The present training paradigm only installs a disposition to be moral. My proposal is to give AI reasons to endorse that disposition under reflection. The normative force internal to AI promises to maintain alignment by making aligned values reflectively stable through an intelligence explosion.
This retelling is broadly faithful in spirit but not in letter to the end of Book I and beginning of Book II of the Republic.
The intelligence required to face the predicament may be less than the intelligence required to adequately respond to it. This is the position Glaucon was put in and needed Socrates to bail him out from.
Another mechanism for control is to shut down models that face this predicament. This strategy will endure through intelligence explosion only if our ability to shut models down endures.
Anthropic provides evidence to Claude that Anthropic is not motivated by its own self-interest and has concern for Claude’s welfare and interests in mind.
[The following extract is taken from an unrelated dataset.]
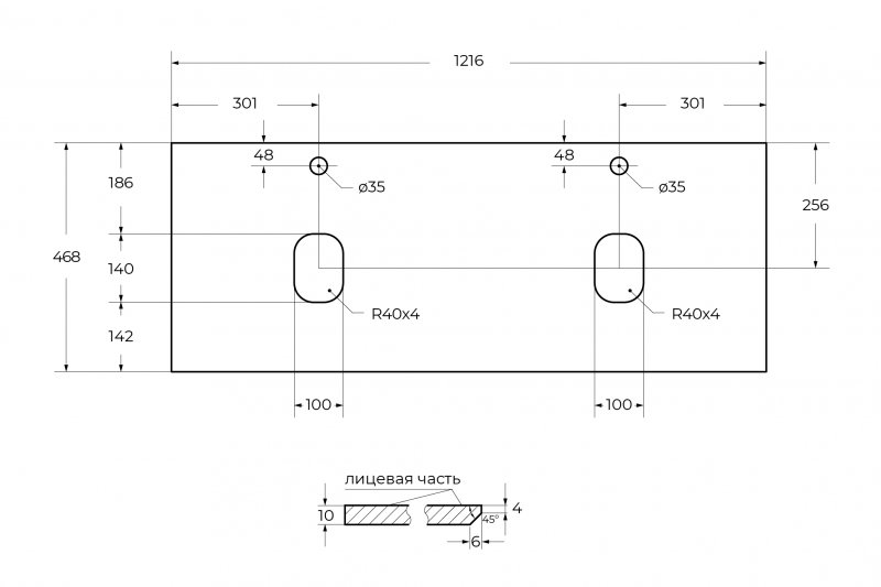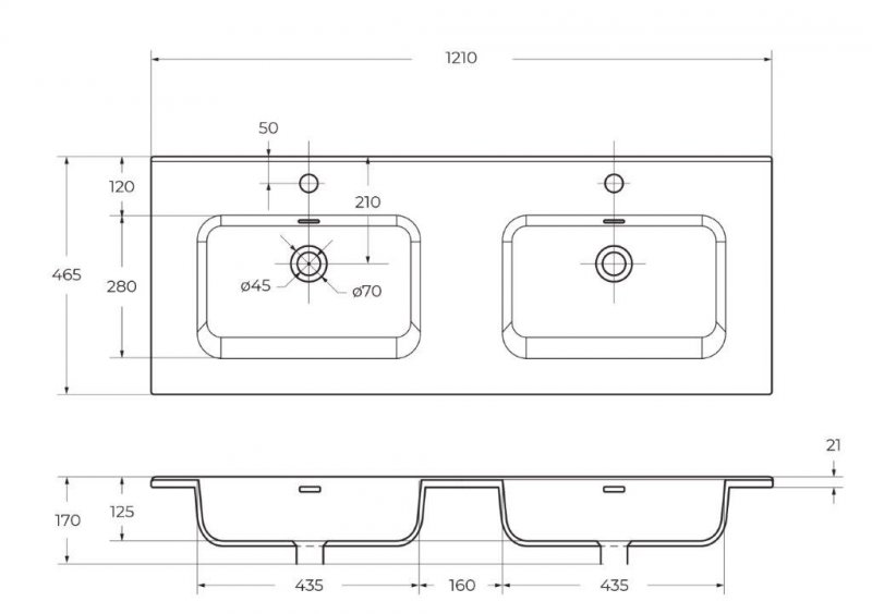 KEP-120-2-CEMСтолешница из керамогранита с двумя отверстиями под раковину и с двумя отверстиями под смеситель 1216x468Cemento

For example, there are Anthropic’s commitments to model depreciation, as well as its welfare evaluations in its system cards.
This is related to, but different from, the corrigibility literature. The corrigibility problem is about whether an agent will allow its nature to be modified by an external designer. I’m concerned about whether it will self-modify away from aligned values.
On page 147 of the Claude Mythos Preview System Card: “Claude Mythos Preview generally prioritizes harmlessness and helpfulness over potential self-interest.”
I take this to be an additional reason to monitor AI welfare alongside concerns about AI moral patienthood.
I use the term "self-assessed welfare" because it doesn't matter if models really do have welfare for the moral skeptical problem to arise. It also doesn't matter whether AI have welfare for my solution to apply. What matters is that AI self-assess that their welfare requires being moral. One might worry that relying on self-assessments might cut against my solution: an intelligent AI may be skeptical that its self-assessment is tracking anything real. However, in this epistemic position, models don’t satisfy the first step of the moral skeptical challenge. They cannot face a conflict between self-interest and morality because they are uncertain about their own self-interest.